On the individual level, the policyholder can be expected to refuse to share the uncertainty of her peers and to demand to pay only for her own uncertainty, leading to a demutualisation of risks that would undermine the solidarity aspect of insurance and produce a ‘discrimination without intent’ (Charpentier et al., 2015; Keller et al., 2018). The result would be that the individuals most at risk, and therefore most in need of insurance coverage, would have to do without insurance because it would only be available at unaffordable premiums, ⁹ while individuals at less risk would pay negligible premiums, as they would not need much insurance.
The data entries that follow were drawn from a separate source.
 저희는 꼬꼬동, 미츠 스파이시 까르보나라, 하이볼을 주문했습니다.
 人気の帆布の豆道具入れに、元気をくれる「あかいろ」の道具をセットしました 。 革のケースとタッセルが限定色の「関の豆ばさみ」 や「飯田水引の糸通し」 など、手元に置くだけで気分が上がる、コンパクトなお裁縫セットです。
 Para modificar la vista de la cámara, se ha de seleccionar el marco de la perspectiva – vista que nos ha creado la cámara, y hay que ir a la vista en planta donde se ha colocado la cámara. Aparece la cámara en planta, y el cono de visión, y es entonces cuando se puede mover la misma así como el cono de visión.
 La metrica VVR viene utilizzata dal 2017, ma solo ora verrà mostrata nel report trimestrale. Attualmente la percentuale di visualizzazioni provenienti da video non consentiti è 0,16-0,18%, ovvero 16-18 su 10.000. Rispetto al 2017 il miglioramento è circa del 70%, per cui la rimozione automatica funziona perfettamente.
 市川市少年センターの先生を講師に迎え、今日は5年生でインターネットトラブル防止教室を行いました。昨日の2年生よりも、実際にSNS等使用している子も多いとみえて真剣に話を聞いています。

The effects could be paradoxical: those who knew they were running few risks and could be covered with little expense could pay for the insurance and then change their behaviour, for example by becoming more reckless when running a risk were more desirable or profitable than not embarking in it. When an individual knows that her behaviour is subject to forecasting (and even knows what consequences that advance information will have), she may be motivated to change her behaviour (Luhmann, 1980: 1069). But how could the insurer hide the result of prediction? In the case of insurance policies, the premium already works as a signal of prediction (Siegelman, 2014). It is therefore difficult to hide the result of individualised forecasting, unless the insurance company decides to adjust the premiums to the rates traditionally calculated on the basis of actuarial systems (in which case, however, the use of predictive algorithms would become superfluous).
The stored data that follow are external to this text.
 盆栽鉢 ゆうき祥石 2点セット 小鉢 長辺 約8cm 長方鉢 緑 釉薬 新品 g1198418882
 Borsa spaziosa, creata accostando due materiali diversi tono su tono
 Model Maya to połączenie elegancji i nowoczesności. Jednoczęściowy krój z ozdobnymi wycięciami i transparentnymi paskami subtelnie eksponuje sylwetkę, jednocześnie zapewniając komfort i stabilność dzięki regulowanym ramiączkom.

If, on the other hand, the insurance company decided to communicate its individual prediction, the policyholder would have several options:

to pay for coverage if the prices were very low and then not behave as predicted: as we said, this would force the company to admit that it had promoted adverse selection and moral hazard when its purpose, on the contrary, was to reduce them;

In all of these cases, the disadvantages also affect the insurance company and the profitability of its business model.

2. From the insurance companies’ viewpoint, the dilemma of future insurance could be to decide whether to offer a fair price on the basis of highly individualised predictions, but to the detriment of solidarity among policyholders, or to guarantee that solidarity, but at the expense of fair insurance premiums. In the opinion of many observers, ‘there is no easy solution to this dilemma’ (Keller et al., 2018: 12; cf. also Lasry, 2015: 22). On the other hand, if the mechanisms of risk-pooling and risk-spreading were to disappear, the fundamental pillar of what François Ewald (1989) called ‘society of insurance’ would collapse, with consequences that would affect the structures of society as a whole.
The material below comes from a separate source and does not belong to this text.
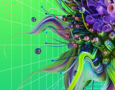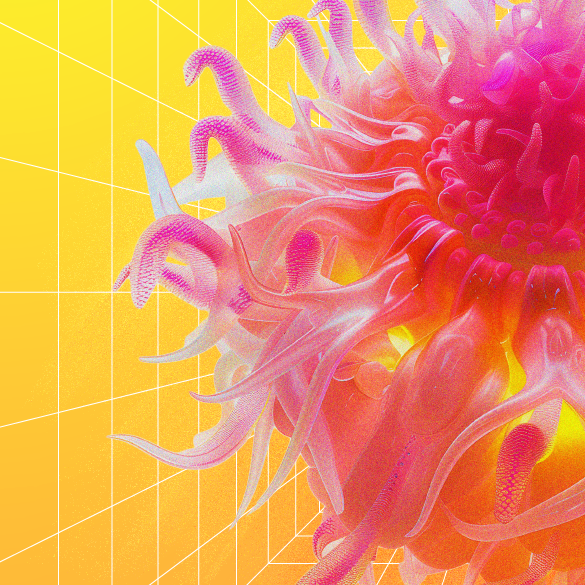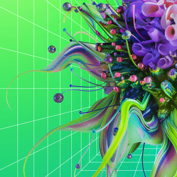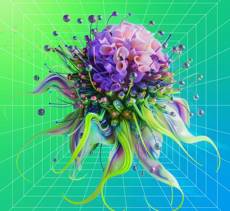 The elements for the visuals were produced with generative AI programs like Midjourney. The process included many prompts, building on AI mistakes and deviations to find something that felt just right. This approach resulted in futuristic and other-worldly images, with sci-fi alien flower creatures taking the main role.
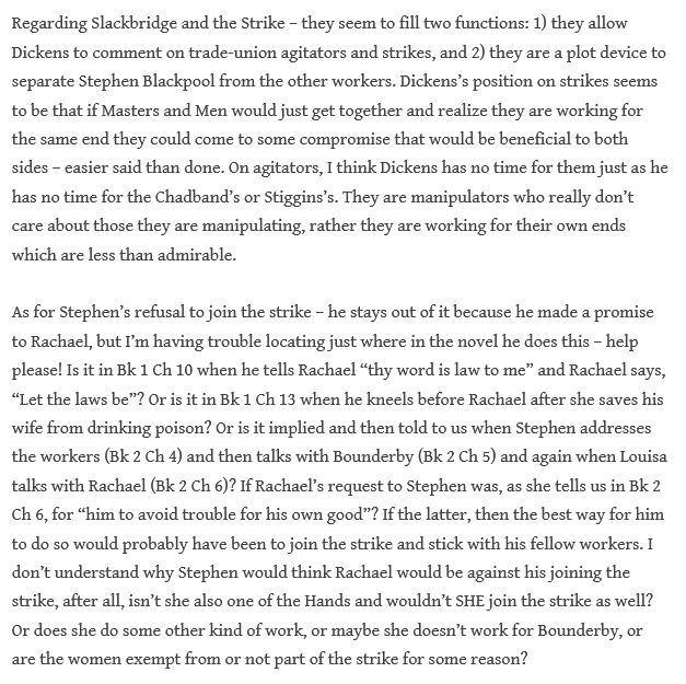 As to Bounderby/Slackbridge, I’m wondering if it’s not so much a “teaming up,” as more of a scapegoating, each on their own side? Stephen is the one person who has the conviction(?) not to join the unionists, but still defends them to the management. I’m personally not sure what to make of his position, except that he kind of represents the “muddle” of it all, though I have trouble seeing a solution in his approach, except to advocate for a better understanding of each to the other (management, hands). I think he’s the scapegoat of the union side because he won’t join; he’s a scapegoat for Bounderby because SB still speaks up for his fellow Hands, but is less threatening, because he won’t join them. It’s a bit of a d—d if you do, d—d if you don’t scenario, and perhaps Stephen represents the kind of everyman who suffers for the injustices of both sides.

If in the future insurance data-driven predictions were to affect not only the reward system but also pricing, it could be awkward for insurance companies to justify decisions made not primarily on the basis of causal relationships (as in statistical data processing), but only on the basis of correlations (as in algorithmic data processing). The problem is made harder by the use of proxy data that work very well as predictors. For example, credit reliability (even when you simply pay bills on time) is an excellent predictor of careful driving (Brockett and Golden, 2007). The result can be surprising. The colour orange, for example, is an excellent predictor for good quality second-hand vehicles on the car market, probably due to the fact that those who choose such an unusual colour regard their car as a form of expression of their identity (Hardy, 2012).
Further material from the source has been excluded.